I've been at Amazon for 5 years now, and have never experienced whatever the
post said. I have, however, been in the uncomfortable situation where a
colleague has tried to talk to me in the urinal about things outside of work.

Funny read though :)

------
callingspade
I work for AWS since 2014 and I am in a building that arguably has highest
density compared to other Amazon buildings. I have not seen a single instance
of what the author describes, on tens of floors except that during peak times
one may have to go to the next floor to find an empty stall. Specifically --
1\. I have not seen anyone take laptops to the stalls 2\. No conversations in
the bathroom, at most a Hi when washing your hands or a 'excuse me' at the
door. Definitely no cross-talk across stalls. 3\. No one is using bathrooms as
a meeting place or a place for long conversations.

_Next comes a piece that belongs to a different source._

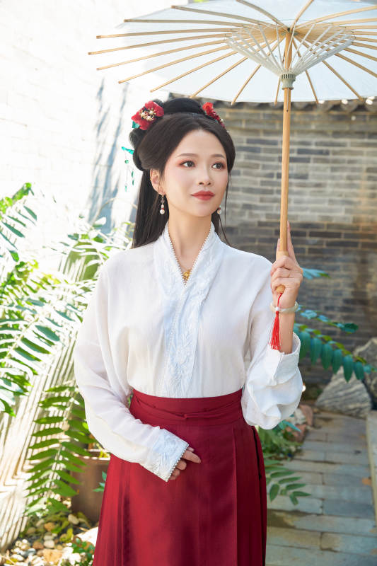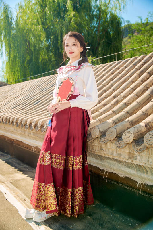 身穿国潮戏曲服饰装扮手拿花扇的中国美女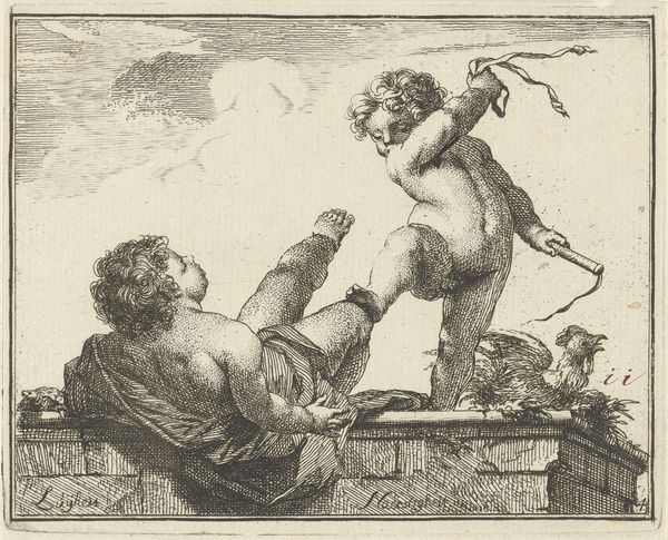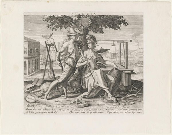 Editor: This is Romeyn de Hooghe's "Diana," an engraving from around 1688-1689, housed here at the Rijksmuseum. The fine lines create a delicate scene, almost ethereal, but there's also a clear groundedness from the detail in the landscape. What jumps out at you when you look at this piece? Curator: Immediately, I'm drawn to the printmaking process. Look closely at the burin marks; they dictate the light, shadow, and ultimately, the *value* of the work far beyond subject and symbolism. We have to consider this was a reproductive medium as much as creative; How does the mechanical process influence our interpretation of Diana, the huntress? Is this about accessible beauty or skillful rendering? Editor: That’s a great point. The act of engraving feels almost like a form of industrial production, even in the 17th century. Did de Hooghe's workshop, or his specific social class influence the work beyond his talent? Curator: Absolutely. Consider the labor involved: from preparing the copper plate to the press itself and, not to be ignored, its later mass distribution. Each impression carries its own inherent material history that also must be noted. The paper itself, likely rag paper, speaks of its own process, and thus economic background. How would that reading shift if this was made on silk, for example? Editor: It makes you think about accessibility in art, even back then. It wasn't just about the image, but who could afford and engage with it. Thanks, that's really opened my eyes! Curator: Exactly! The materials dictate so much of its story beyond pure aesthetics. Considering such materiality shifts how we address ‘Art’ then and now.

Since last year, there are also unisex bathrooms on each floor. While I am
here, might as well dispel some other myths. Occasional WFH is the norm, not
an exception. I haven't seen people work long hours as a norm. Most people
come in between 9-10:30 and leave between 5-6:30pm. Some come in earlier and
some later. Almost everyone I know is driven by their own passion for their
work, customer obsession, immense learning opportunity, do things that have
never been done before, increasing stock value and increase in their own
market value, to name a few.